The doctor thinks that the baby will weigh in at about 8 lbs. 10oz. by the time I deliver according to the ultrasound he did on Monday. Carsten was 8 lbs. 4 oz., so this didn't surprise me or alarm me. But, make no mistake, I am very fearful of giving birth again. Just thinking about it brings tears to my eyes. My 2 1/2 hours of pushing with Carsten with an epidural that had run dry scarred me for life. I can't remember the pain in detail, or anything for that matter, but I do remember almost feeling outside of my body because the pain was so intense that I could not bear it. I am hoping to have a much quicker delivery this time around with NO pain. I plan on having a serious talk with the doctor on Monday to make sure that he understands that I want to be so numb that I FEEL NOTHING. Period.

Aside from the birth, I am really nervous about bringing home a newborn again. The first few months with Carsten were bittersweet for us being that he cried all the time. He was a very difficult baby and I am scared to death that this baby will be the same or worse. I remember so many days that Danyel would come home from work and Carsten and I would just be sitting on the couch crying together. I am hoping that with experience under my belt, I will be able to withstand the experience much better this time around.
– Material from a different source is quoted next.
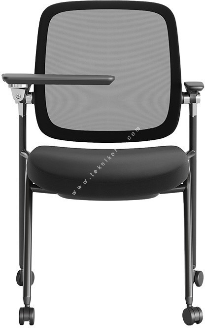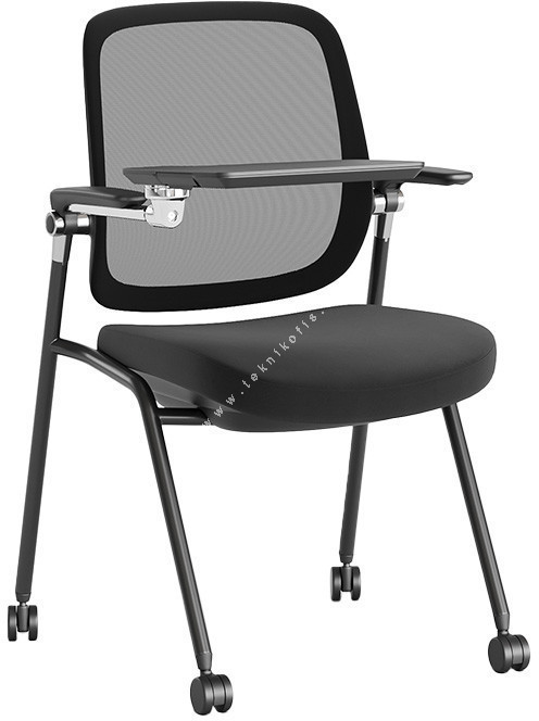 Junmo Yazı Tablalı Tekerlekli Konferans Koltuğu, eğitim, seminer ve çok amaçlı toplantı odaları için özel olarak tasarlanmış, tam donanımlı bir çözümdür. Sandalyenin temel yapısı, uzun süreli oturumlarda hava akışını destekleyen siyah file sırtlık ve konforlu, siyah döşemeli oturma minderi içerir. En önemli özelliği, kolçağa entegre edilmiş ve kolayca katlanıp açılabilen, geniş yazı tablasıdır. Bu tabla, defter, tablet veya dizüstü bilgisayar kullanımı için anında bir çalışma yüzeyi sağlar, bu da onu öğrenci veya katılımcı odaklı etkinlikler için ideal kılar.

On a positive note, I am getting really anxious about meeting this baby and finding out if it is a boy or girl. Everywhere I go, people tell me that I am having a girl, but most family and friends think we are going to have another boy. As I get closer to finding out, I find that I am probably hoping for a girl more than I thought I was - if only because I am not sure (now that I have almost completed a second pregnancy) if I will have the energy to do this all over again. If we have a girl, we are pretty certain that this will be the last addition to our family. If we have a boy, we have talked about trying again for a girl.

My most favorite thing about this pregnancy has been my lack of weight gain. As of today, I have only gained 18 lbs. With Carsten, I was already inching up on 30 lbs. However, my belly is MUCH larger than it was last time around. Go figure. It has also gone by so quickly being that I am preoccupied with Carsten. With Carsten, it just dragged along because of all the excitement of being a first time mom.